The splicing place can also be optimized by setting transition or AI processing to avoid that the image of the person in the video does not move too sharply, for example, a newly inserted video segment is visually impacted in an amplifying manner to reduce visual jumping discomfort during jumping, if the means for amplifying or zooming out is specified, other than the AI manner, an artificial instruction # & & ZoomIN or # & & zooout can be used, for example # - - - - - - - - - - - - - - & & ZoomIN10S, which can be reset after the zoom in is amplified for 10 seconds after subtracting 5.3 seconds from the video segment, and # - & ZoomIN + Default is that the AI recognizes that the following complete video segment is amplified and automatically reset when switching to another video segment (or a sentence bounded by "enter" in the document).
Referring to fig. 2, based on the above embodiment, those skilled in the art can easily understand that the video cutting device based on AI speech recognition of the present invention includes an obtaining module 1, a recognition module 2, a human-computer interaction module 3, and a processing module 4.
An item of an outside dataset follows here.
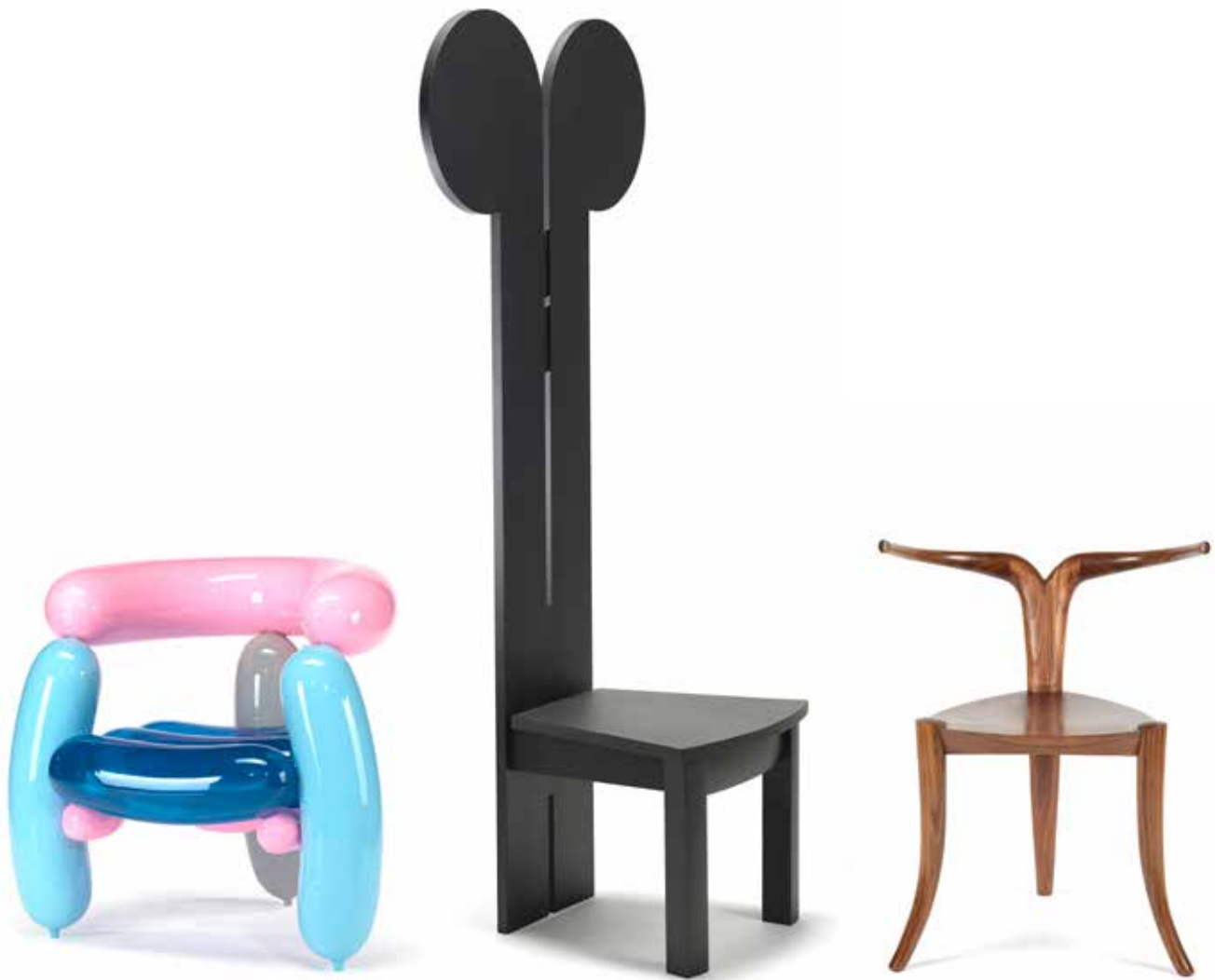
Seungjin Yang, Blowing Armchair 1 , 2019, this example made 2022. Epoxy resin and balloons; 29 ½ × 31 ¼ × 26 ½ in. Denver Art Museum: Funds from the Architecture and Design Collectors' Council, 2022.163 © Seungjin Yang; Wendy Maruyama, Mickey Mackintosh Chair , 1981, this example made 2022. Maple and Zolatone paint; 70 × 30 ¾ × 20 ¼ in. Denver Art Museum: Funds from Gayle and Gary Landis and Design Council of the Denver Art Museum, 2023.11. © Wendy Maruyama; Jomo Tariku, Nyala Chair , 2017–19, this example made 2021. American walnut; 30 × 24 × 20 ¾ in. Made by David Bohnhoff. Denver Art Museum: Funds from Gayle and Gary Landis, 2021.392. © Jomo Tariku

The acquisition module 1 is used for acquiring original video data. The original video data refers to a pre-recorded video of a speech, and the speech content in the video has certain defects, such as improper buddhist (kakoku, or other) or cold-field conditions (too long stay and no sound).
The recognition module 2 is used for performing voice recognition on the original video data to obtain a manuscript of the original caption voice. The voice recognition of video data is the prior art, and the technology is used for converting voice into characters as subtitles and the like, and the principle of the technology is not described herein again.
The man-machine interaction module 3 is used for presenting the manuscript of the original caption voice and enabling a user to edit the manuscript of the original caption voice so as to generate a new manuscript of the caption voice.
The processing module 4 is configured to perform reverse editing on the original video data according to the text of the new caption voice, and generate final video data.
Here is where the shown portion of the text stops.